After several weeks of this, he’d all but forgotten to guard himself against the lull. Lark seemed happy. So when he arrived home one day only to find every simple trace of her completely vanished, he was dumbstruck.
“Gino, dove Allodola?”
“Non lo so, I thought she was with you?”
He searched everywhere on his property but she was gone. She and her tiny little suitcase with the long handle.
He didn’t want to seem as possessive or as hurt as he felt. Her phone rang and rang, or sometimes went straight to voice mail.

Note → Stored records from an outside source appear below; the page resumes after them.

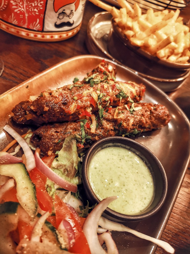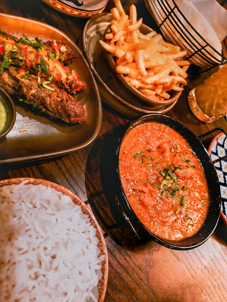 A wide variety of options from Currys, Tikka dishes, to Paaji burgers. A huge selection which will put a few people in a pickle choosing, I changed my mind literally 4 times. I found my myself scooping up my saliva looking at the menu, this food is defiantly going to test the tastebuds. First things first, Papadums. Papadams are served with mango chutney, pickle, onion relish and mint sauce they came with Far Fars which are like little crisps that have been deep-fried, very addictive! Looking at the drinks menu there is a variety of drink options, the cocktails I will say are quite adventurous! Bollywood star dirty martini to Gingerbread martinis packed with a punch, very exotic and appetising cocktails. I went for a classic Strawberry daiquiri and boy, did it pack a punch, very sweet and quite the naughty little cocktail packed with a strong KAPOW of Rum! After a 10 minute debate with myself on what the heck I should order, I decided to order the lamb gilafi Kebab with cheesy masala fries and Bhatura bread, We also ordered The chefs special chicken taka tak curry with fried rice.
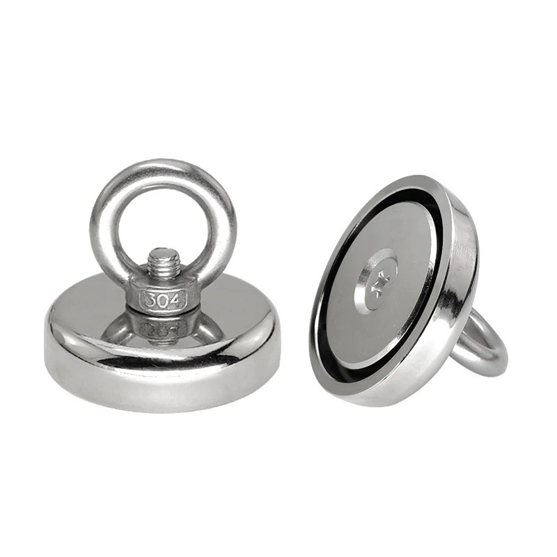 Se vuoi iniziare a cercare tesori nei laghi o nei fiumi, devi procurarti questo magnete da pesca. Grazie alla forza di trazione massima di 32 kg, puoi facilmente recuperare oggetti in ferro e acciaio. Il magnete ha anche un occhio di sospensione per legare la corda di recupero.
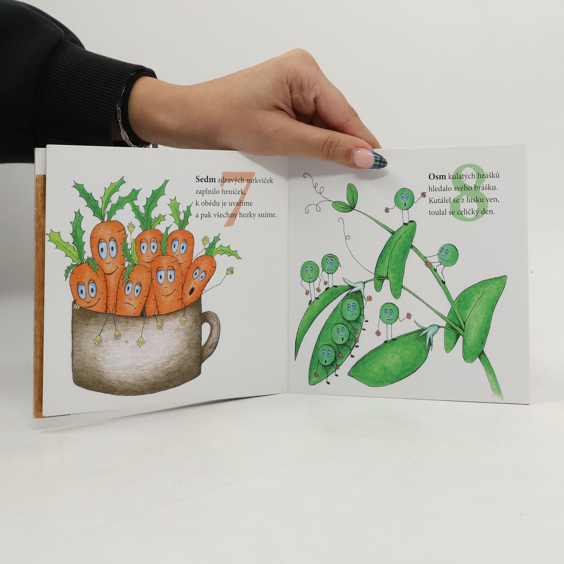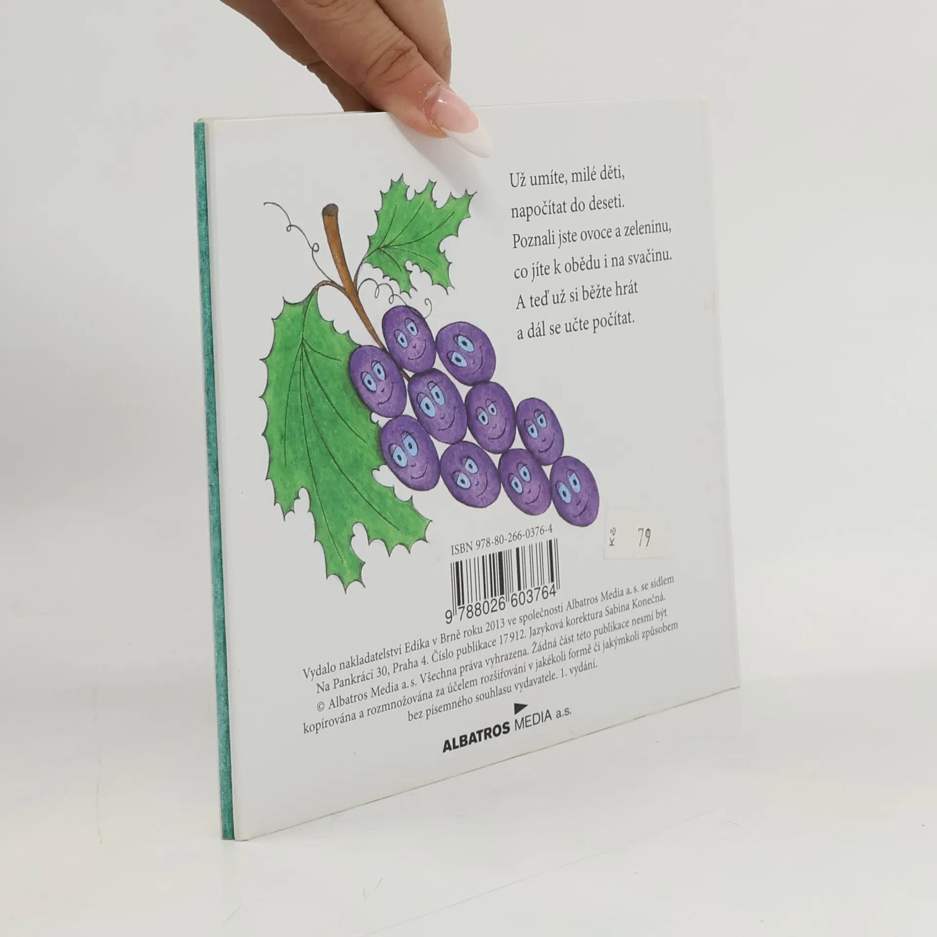 Leporelo pro nejmladší děti s jednoduchými básničkami a milými obrázky. Děti se učí počítat do deseti a současně se seznamují se základními druhy ovoce a zeleniny.
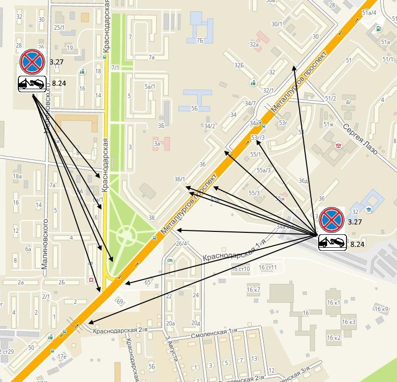 - на улице Краснодарская от строения № 6г до проспекта Металлургов;
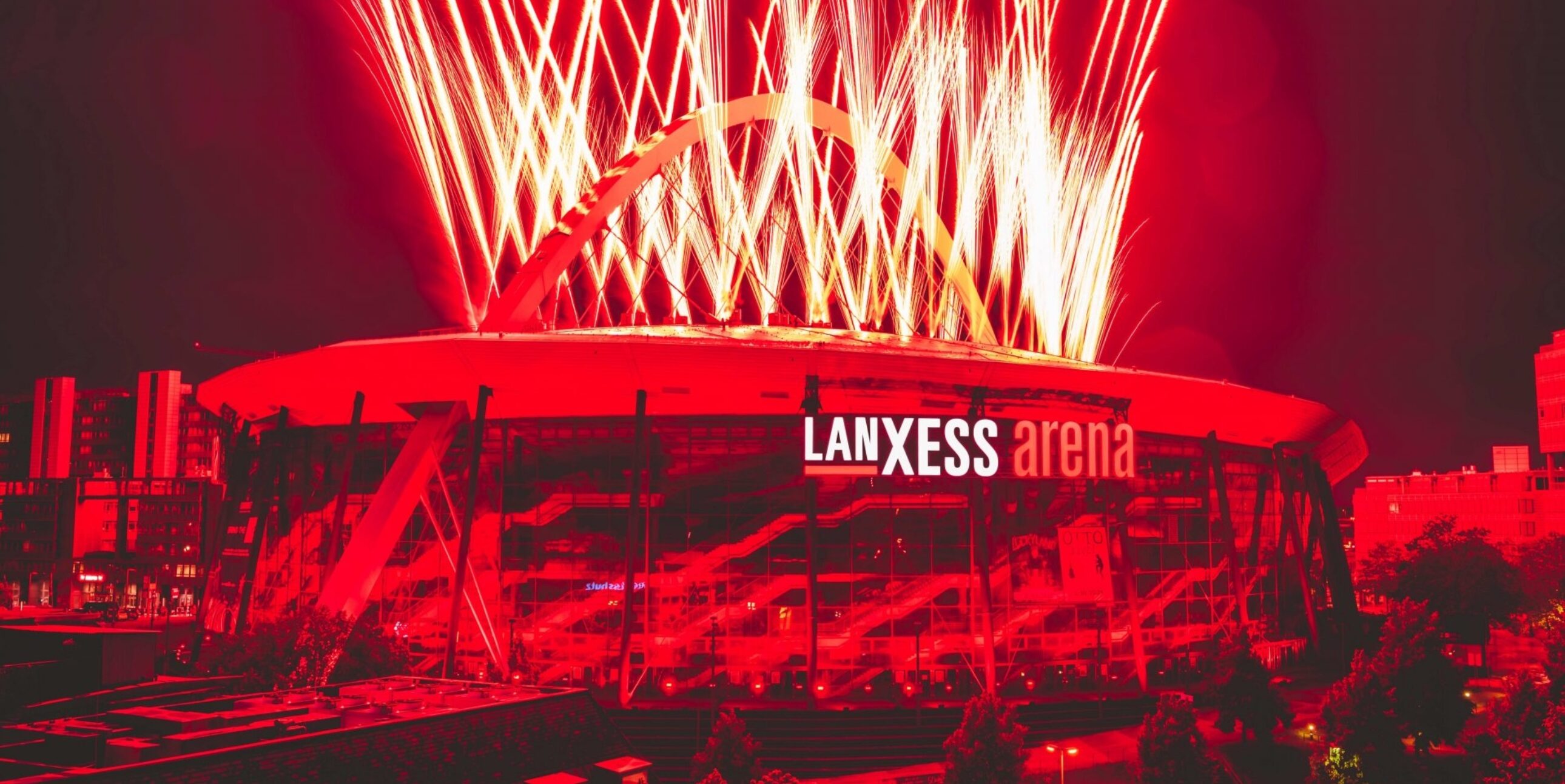 Im Bild: Die LANXESS arena strahlte in der Nacht vom 22. auf den 23. Juni rot (Julian Huke)
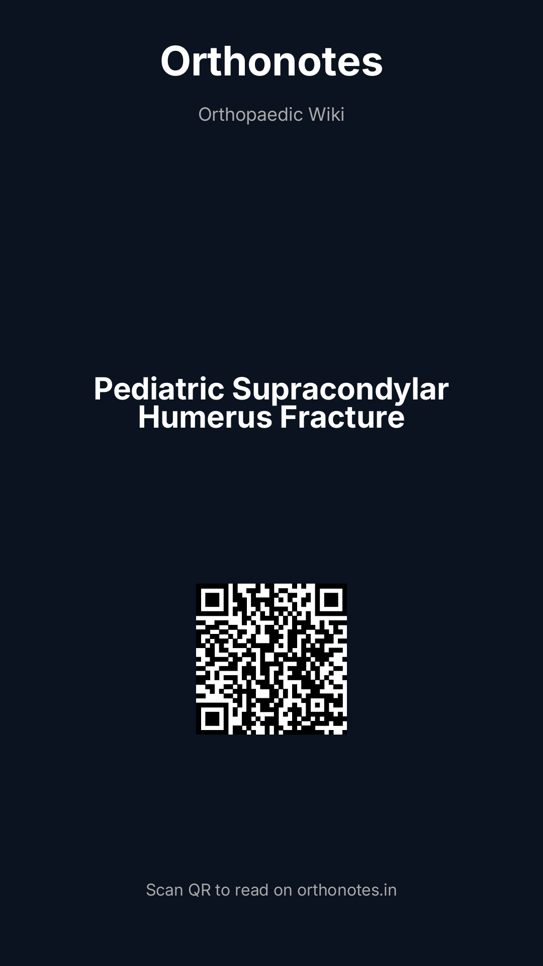 Supracondylar humerus fractures (SCHFs) are the most common elbow fractures in children, accounting for approximately 60% of all paediatric elbow fractures. They occur predominantly between 5–8 years of age, when the olecranon fossa is most prominent and the anterior humeral cortex is relatively thin. The clinical importance of this fracture is disproportionate to its frequency — it carries a well-defined risk of neurovascular injury, Volkmann ischaemic contracture, and malunion causing cubitus varus deformity (the `gunstock deformity`). All paediatric orthopaedic surgeons must have a thorough command of the classification, neurovascular assessment, reduction techniques, fixation principles, and complication management.

Should he start to panic? Had something really happened to her? He couldn’t miss work to send out a search party. Besides, there was no need. He called the LIST agency under false pretenses, requesting her for another job, but she was already booked in London.
She wasn’t kidnapped. She was avoiding him. After few days, he called his father at headquarters, in case he had any information.
“Si, Miss Chambers came here to find you.”
“When?”
“Last week. She is flying to her homeland, I believe.”
“Why would she not come to the factory?”